Legal considerations
A fifth technical consideration addresses legal issues. Throughout the negotiations there was no concerted attempt to think through and formulate a WTO compatible arrangement other than the EPA. Two “think-tanks,” the Groupe d’Economie Mundiale (GEM) based in Paris and the International Food Policy Research Institute (IFPRI) concerned about the substantial huge trade diversion effects of the six ACP-EU EPAs, formulated options within the WTO legal framework to secure multilateral liberalisation and so modify the massive trade diversion effects to the EU, reduce welfare losses to the ACP countries, and still provide efficiency benefits of liberalization for the ACP (See Bouêt et al 2007 and Messerlin et al 2007). This is the basis for their Plan A+ proposal.
Basically such alternatives have an important point of legal departure. For the market access offers of the EPAs, WTO-compatibility rests on Article XXIV of the GATT, which requires substantial coverage of all trade and for services under the GATS a similar requirement, as measured by such factors as the number of sectors, the proportion that would be liberalized, and so forth.
The Enabling Clause (November 28, 1979) authorizes, however, granting preferences to developing countries and LDCs, (which is the basis of the EBA and GSP preferential arrangements.) Developed countries can, however, grant preferences beyond the GSP to countries “similarly-situated.” This is the basis for the Africa Growth Opportunity Act and the Caribbean Basin Initiative being acceptable as WTO-compatible.
Based on the Appellate Body Report on the EC-India Panel on EC Preferential Tariffs, April 7, 2004 para-173, it is pointed out that WTO members can go beyond GSP offers of preferential market access to developing countries based on their being “similarly- situated” (Bouêt et al, 2007). It is suggested that small vulnerable economies could qualify as such. Given their standing in SIDS, the United Nations and the WTO, there seems to be a strong a priori case, as this category of countries share similar developmental, financial, and trade needs as the panel ruling indicates.

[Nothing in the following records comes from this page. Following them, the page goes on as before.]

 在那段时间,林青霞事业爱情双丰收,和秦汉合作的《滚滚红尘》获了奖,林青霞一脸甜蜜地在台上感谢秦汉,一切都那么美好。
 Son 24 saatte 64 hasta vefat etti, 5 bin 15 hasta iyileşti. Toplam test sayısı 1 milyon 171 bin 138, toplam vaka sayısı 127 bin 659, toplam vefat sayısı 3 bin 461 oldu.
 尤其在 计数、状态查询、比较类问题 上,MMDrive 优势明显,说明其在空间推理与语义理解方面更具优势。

It is proposed that those ACP regions still negotiating EPAs, should make their access offers multilateral, that is, to all WTO members in exchange for reduced preferential market access offers to the EU in their EPAs. Given the estimated magnitude of trade diversion, such an offer is shown to be significant to non-EU suppliers. Through multilateralizing the offer ACP countries would find that the scope for EU capture of economic rents and/or passing through inefficiencies to their consumers is reduced.

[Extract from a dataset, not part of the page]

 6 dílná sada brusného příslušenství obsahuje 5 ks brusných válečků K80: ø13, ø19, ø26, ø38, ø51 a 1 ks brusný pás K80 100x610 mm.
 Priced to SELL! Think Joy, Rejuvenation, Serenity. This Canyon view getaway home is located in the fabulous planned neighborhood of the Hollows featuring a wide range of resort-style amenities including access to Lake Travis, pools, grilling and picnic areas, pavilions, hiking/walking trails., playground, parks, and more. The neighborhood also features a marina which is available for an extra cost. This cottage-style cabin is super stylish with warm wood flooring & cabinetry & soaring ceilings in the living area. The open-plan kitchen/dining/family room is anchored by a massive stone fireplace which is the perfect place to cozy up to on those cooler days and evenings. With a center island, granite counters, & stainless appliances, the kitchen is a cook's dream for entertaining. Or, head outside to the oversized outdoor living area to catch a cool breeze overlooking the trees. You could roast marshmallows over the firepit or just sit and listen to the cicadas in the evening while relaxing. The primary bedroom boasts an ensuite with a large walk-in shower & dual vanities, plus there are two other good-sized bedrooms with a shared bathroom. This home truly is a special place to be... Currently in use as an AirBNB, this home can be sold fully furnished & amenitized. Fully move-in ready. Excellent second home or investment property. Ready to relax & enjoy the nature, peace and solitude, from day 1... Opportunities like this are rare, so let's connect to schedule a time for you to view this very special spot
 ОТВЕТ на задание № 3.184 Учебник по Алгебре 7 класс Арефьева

Such an approach would mean “rebalancing” market access offers between the EU and non-EU suppliers. (Messerlin et al 2007) It would test the EU’s commitment to 1) multilateralism and 2) supporting the development objectives of the ACP countries through broad-based liberalisation.
A concrete example is worked out in the study referred to, based on the tariff rates and market access offers of NAMA, at the level recognized by the WTO chair (Messerlin 2007). The results indicate that a substantial reduction of bound tariffs combined with modest reductions on applied tariffs, using the Swiss measure, would produce generous offerings at the WTO, which may thus qualify for multilateral negotiations.
Such approaches rely heavily on all-ACP solidarity. They are also based on securing the political commitment mentioned earlier in which the EU lets provisions in any EPA be imported into others if it is so desired.